INTERESTING to see the signatures of the Rev Michael Collis (Ba A 46-52), the Rev Ian Colson (Chaplain 09- ), Canon Charles Davidson (Col A 39-47), the Rev Peter Homewood (La B 70-76), the Rev Stuart Leamy (Ma B, Th B 57-65) and Canon Hugh Williams (Md B 54-62) on this open letter to the Archbishops of Canterbury and York from clergy who doubt the sacramental ministry of the women who have been ordained to the Anglican priesthood.

They ask for "a structural solution" to the problems that will arise when the church ordains women as bishops, and say that in the absence of such a structure they might not be able, in conscience, to continue ministering in the C of E.

Another signatory is the Rt Rev Lindsay Urwin, until recently Bishop of Horsham.

Amused, but never mocking


A FELLOW photographer profiles Tony Ray-Jones (Col B c. 50-59) who won lasting renown with such pictures as this before dying of leukaemia in 1972. (Alas, the profile says he too "hated" CH.)

We rose as one


JOHN GLOSTER-SMITH (Horsham Staff 74-75) reflects on the Susan Boyle phenomenon.

"Riches beyond compare"


A GLOWING tribute to hospital chaplain Judith Thompson (Lillie, 1's & 7's 53-63).

Sunday 3 May 2009

Here today

HOLLY WALSH (LHB 92-99) hates temping (3 minutes):



Visit Holly's YouTube channel

Seven Deadly Glasses


THE Seven Deadly Sins inspire a set of wine glasses designed by Kacper Hamilton (Ma A, Gr E 98-05).

The curse of inherited wealth


NICK FOULKES (Th B 76-83) is starting to believe in it:
The best man at my wedding…enjoyed enough inherited money to enable him to give up working for a management consultancy firm when it became rather dull… After a few years he was found dead following a heroin overdose.

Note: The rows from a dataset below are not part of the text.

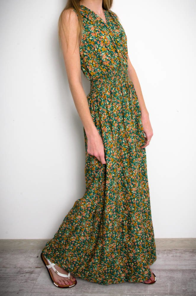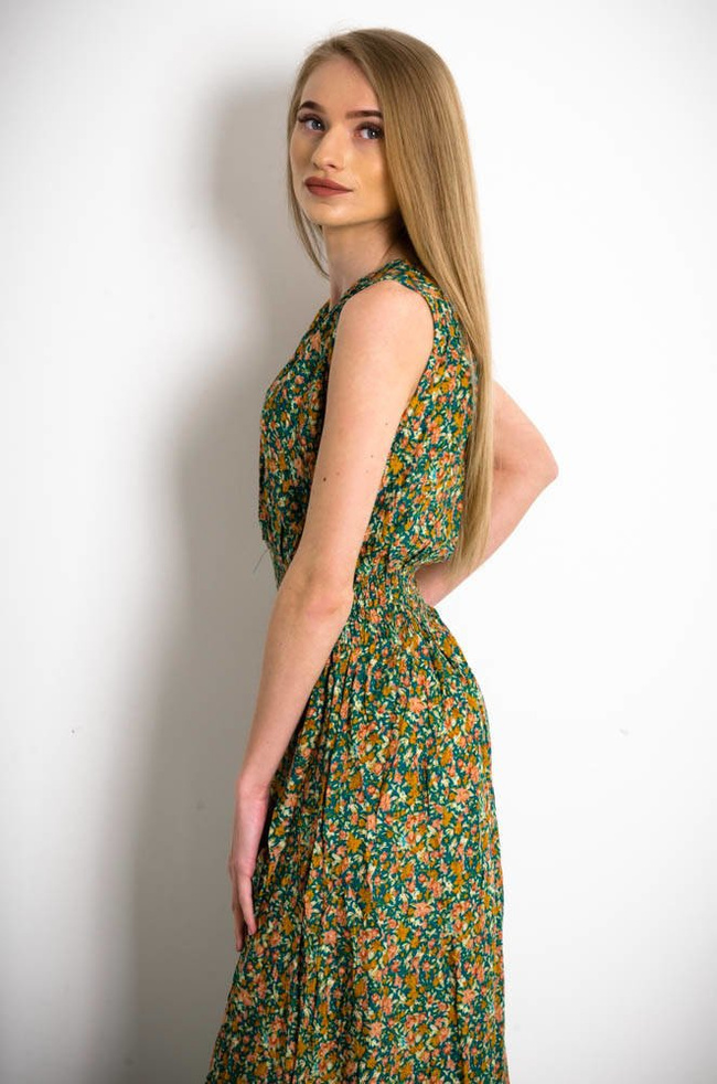 ZIELONA SUKIENKA MAXI W KWIATY-KOPERTOWY DEKOLT
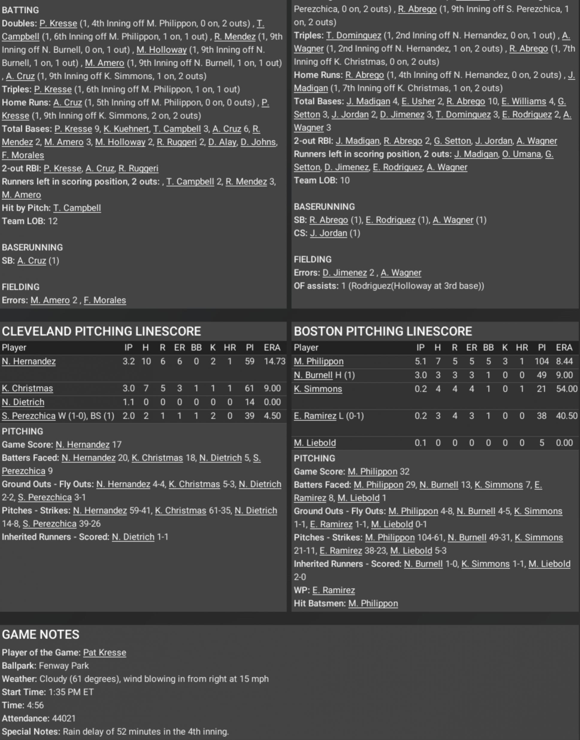 The Red Sox, up 11–5 going to the top of the ninth, looked like the Red Sox that everyone assumed would make the playoffs quietly, confidently. Then along comes Cleveland, a team that, let’s remember, blew a five-run ninth-inning lead in last year’s World Series Game 7, and they orchestrate—literally orchestrate—a miraculous ninth-inning comeback of their own. Seven runs, mind you. Seven runs. Cleveland takes a 12–11 lead. And you think it’s over? You think Boston’s cycle-hitting Ricky Abrego, who had already hit for the cycle today, would be able to get them out of the hole? Of course not. The Red Sox rally to tie it. Extra innings. But here’s the kicker: two Boston errors in the 10th allow Cleveland to score four more. Four. Four runs. Game over. 16–12. The Indians walk off, Red Sox fans are in therapy, and Ricky Abrego… the guy who went 4-for-6, hit a homer, a triple, a double, scored three, drove in two—he’s left with a memory that is glorious personally, and absolutely bitter professionally. Let’s break it down: Pat Kresse for Cleveland—home run, triple, double, four RBIs, two runs scored. He is the reason this game exists in your nightmares tonight. And Alex Cruz? The first baseman with the clutch double in the top of the ninth? He’s the punctuation on a sentence that reads: “Cleveland is not done. Cleveland will never be done.” This game is about history repeating itself, not history teaching a lesson. The Indians—who last year were one out and one strike from a championship—once again force us to confront that momentum, belief, and chaos matter more than talent on paper. And the Red Sox? They’ve got the numbers. They’ve got the heroics. They’ve got the rookie-of-the-year-level talent in Abrego. But in the playoffs, sometimes the baseball gods aren’t fair. Sometimes, they just remind you that clutch is the only stat that matters. So here’s the takeaway: Cleveland leads the series 1–0, and if you thought last year’s Game 7 was unforgettable, you just got a reminder that history is a cruel teacher. |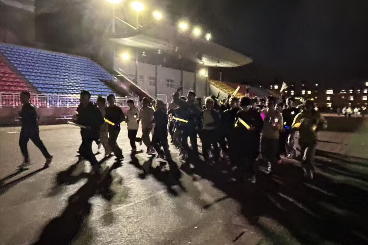 昨晚,我和同学周鹏洋走到操场时,这里已经聚满了人。我们排队领取了胸章和手环,操场上的灯光交织在一起,将深秋的寒意隔绝在外,每个人脸上都洋溢着十二分的热情。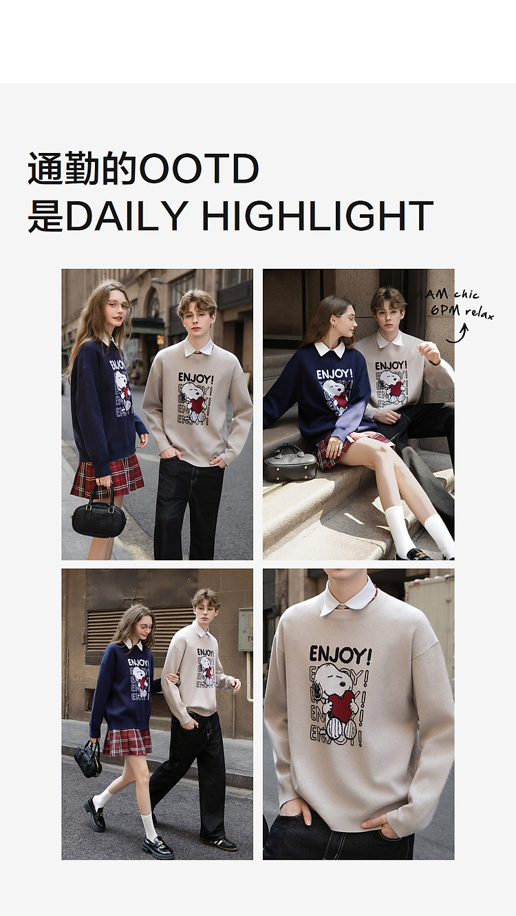 【史努比联名款】唐狮2026秋冬季新款情侣卡通可爱风毛线衫休闲风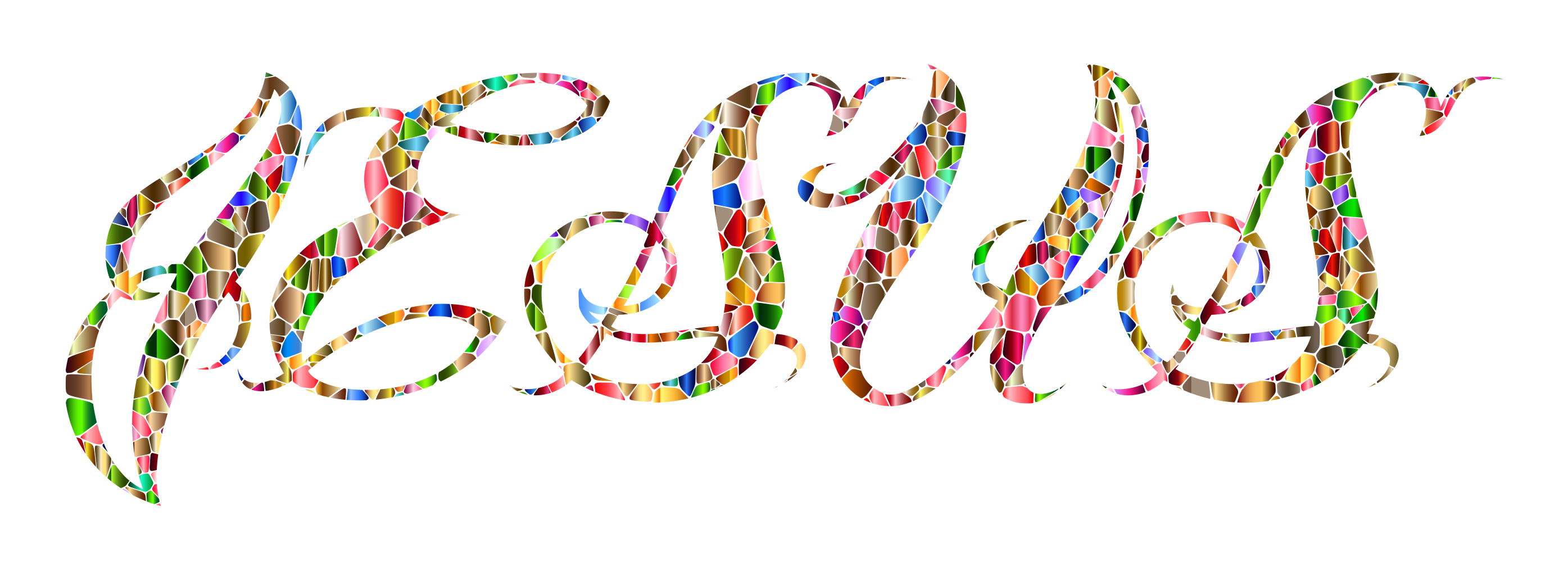 This features a colorful and artistic display of the word "Jesus" written in various colors. The letters are arranged in an intricate pattern, creating a visually appealing design. The different colors used for each letter add depth and interest to the overall composition, making it an eye-catching piece of artwork. This unique presentation of the word "Jesus" showcases creativity and skill in typography while also evoking a sense of spirituality through its vibrant colors and intricate arrangement.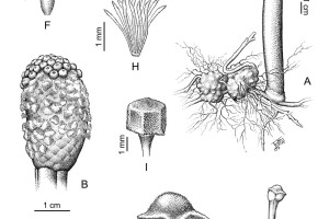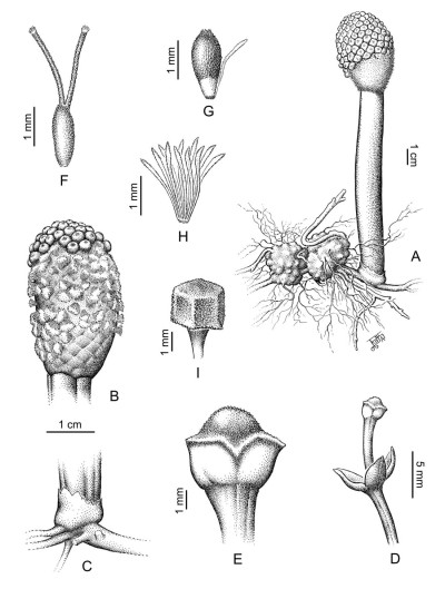 Plantas monoicas; tubérculos irregulares, de 20-35 × 20-30 mm, de no más de 20 mm de alto, con superficie verrugosa, castaño-claros; rizomas de 4-5 mm de diámetro, ramificados, castaño-claros. Estípite floral cilíndrico, hasta de 18 cm de alto × ca. 1,5 cm de diámetro, castaño-claro cuando jóvenes, castaño-oscuro cuando adulto; volva anular basal, de 2-5 mm de largo, formada por segmentos connados por sus bases y con los extremos triangulares irregulares. Inflorescencia ovoide, ca. 5-6 × 2,5-3 cm; brácteas ca. 5,5 × 2,5 mm; parafisos de |2-2,5 mm de largo, ensanchados en su extremo distal. Flores estaminadas ca. 9 mm de largo, exertas; tépalos oval-lanceolados, ca. 1,5 mm de largo, castaño-oscuros; filamentos estaminales soldados, ca. 3,5 mm de largo, con los extremos terminales libres, sinandro de 1-1,2 × ca. 1,2 mm. Flores pistiladas de 3,5-4 mm de largo, perigonio ausente; ovario ca. 1,8 × 0,3-0,5 mm, blanco, estilos 2, filiformes, de 1,5-2,4 mm de largo, rosados, estigmas más o menos esféricos, blanquecinos. Fruto un aquenio ca. 1,5 × 0,5 mm, con superficie granulosa, castaño-oscuro con el extremo basal castaño-claro.

The excitement of youth looks rather different when viewed from the pews in the chapel of a suburban cemetery.

Roller coaster ride


WATCH out for CH references in this novel by Zoë Higginson (Brickel, Hertford & Col A 83-90). (It's also available via Amazon and other online book stores.)

Saturday 2 May 2009

Lonely goatherds

THE three Extreme Cellists - the middle one's Jeremy Dawson (La B, La A 87-94) - perform "Climb Every Mountain" on the summit of Ben Nevis in July 2008 (2½ minutes):

At Number 10


CHRIS BURNS (Md B 72-79, Governor) meets the Prime Minister at a Downing Street reception to launch the Rugby Football Union's Injured Players Foundation.

Chris, who broke his neck playing for the CH 1st XV against the Old Blues in 1978, is a long-serving senior official of the RFU.

Gordon Brown lost the sight in one eye as a result of a rugby injury in his youth.

Pooh Two


DUE for publication in October, Return to the Hundred Acre Wood is the first authorised sequel to A A Milne's Winnie-The-Pooh books.

Its fearless illustrator - stepping into the shoes of E H Shepard - is Mark Burgess (Md B 68-75).